• _Work required_
Once the line holding "林道を上って行きます。 〔林道ゲート手前駐車地 発=7:30〕 |" is found in the listing below, write it out and each later line exactly, up to and including the one holding "10 TL [>1€].".

• _Source material_
-- Opening Marker --
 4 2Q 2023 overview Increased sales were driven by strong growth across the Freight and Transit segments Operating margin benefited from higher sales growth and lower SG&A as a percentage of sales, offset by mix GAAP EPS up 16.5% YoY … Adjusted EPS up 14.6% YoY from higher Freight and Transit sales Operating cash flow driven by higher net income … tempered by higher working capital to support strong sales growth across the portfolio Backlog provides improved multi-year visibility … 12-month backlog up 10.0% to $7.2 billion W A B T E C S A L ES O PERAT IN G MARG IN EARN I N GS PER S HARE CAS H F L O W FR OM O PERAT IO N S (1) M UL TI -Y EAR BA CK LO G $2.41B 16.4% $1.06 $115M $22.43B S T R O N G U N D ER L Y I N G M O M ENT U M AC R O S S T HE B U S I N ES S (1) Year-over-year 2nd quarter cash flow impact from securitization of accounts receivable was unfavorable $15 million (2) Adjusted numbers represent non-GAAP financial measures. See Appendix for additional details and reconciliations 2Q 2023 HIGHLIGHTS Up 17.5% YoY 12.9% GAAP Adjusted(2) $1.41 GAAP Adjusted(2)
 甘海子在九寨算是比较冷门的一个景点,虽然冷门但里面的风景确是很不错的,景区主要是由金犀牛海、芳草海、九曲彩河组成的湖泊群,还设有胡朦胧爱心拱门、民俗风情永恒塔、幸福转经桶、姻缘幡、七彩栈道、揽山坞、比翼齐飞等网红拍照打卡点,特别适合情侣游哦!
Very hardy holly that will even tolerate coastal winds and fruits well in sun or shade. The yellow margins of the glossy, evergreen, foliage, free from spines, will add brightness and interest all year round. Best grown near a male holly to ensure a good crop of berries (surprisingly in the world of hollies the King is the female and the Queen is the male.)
-- Closing Marker --
-- Opening Marker --
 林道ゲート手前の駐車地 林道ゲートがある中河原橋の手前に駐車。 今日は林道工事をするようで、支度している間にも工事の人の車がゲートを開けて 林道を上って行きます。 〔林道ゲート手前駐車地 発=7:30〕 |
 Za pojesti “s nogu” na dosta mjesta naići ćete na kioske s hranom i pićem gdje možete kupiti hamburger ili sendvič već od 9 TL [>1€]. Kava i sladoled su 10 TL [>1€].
-- Closing Marker --
• _Response to the task_
 林道ゲート手前の駐車地 林道ゲートがある中河原橋の手前に駐車。 今日は林道工事をするようで、支度している間にも工事の人の車がゲートを開けて 林道を上って行きます。 〔林道ゲート手前駐車地 発=7:30〕 |
 Za pojesti “s nogu” na dosta mjesta naići ćete na kioske s hranom i pićem gdje možete kupiti hamburger ili sendvič već od 9 TL [>1€]. Kava i sladoled su 10 TL [>1€].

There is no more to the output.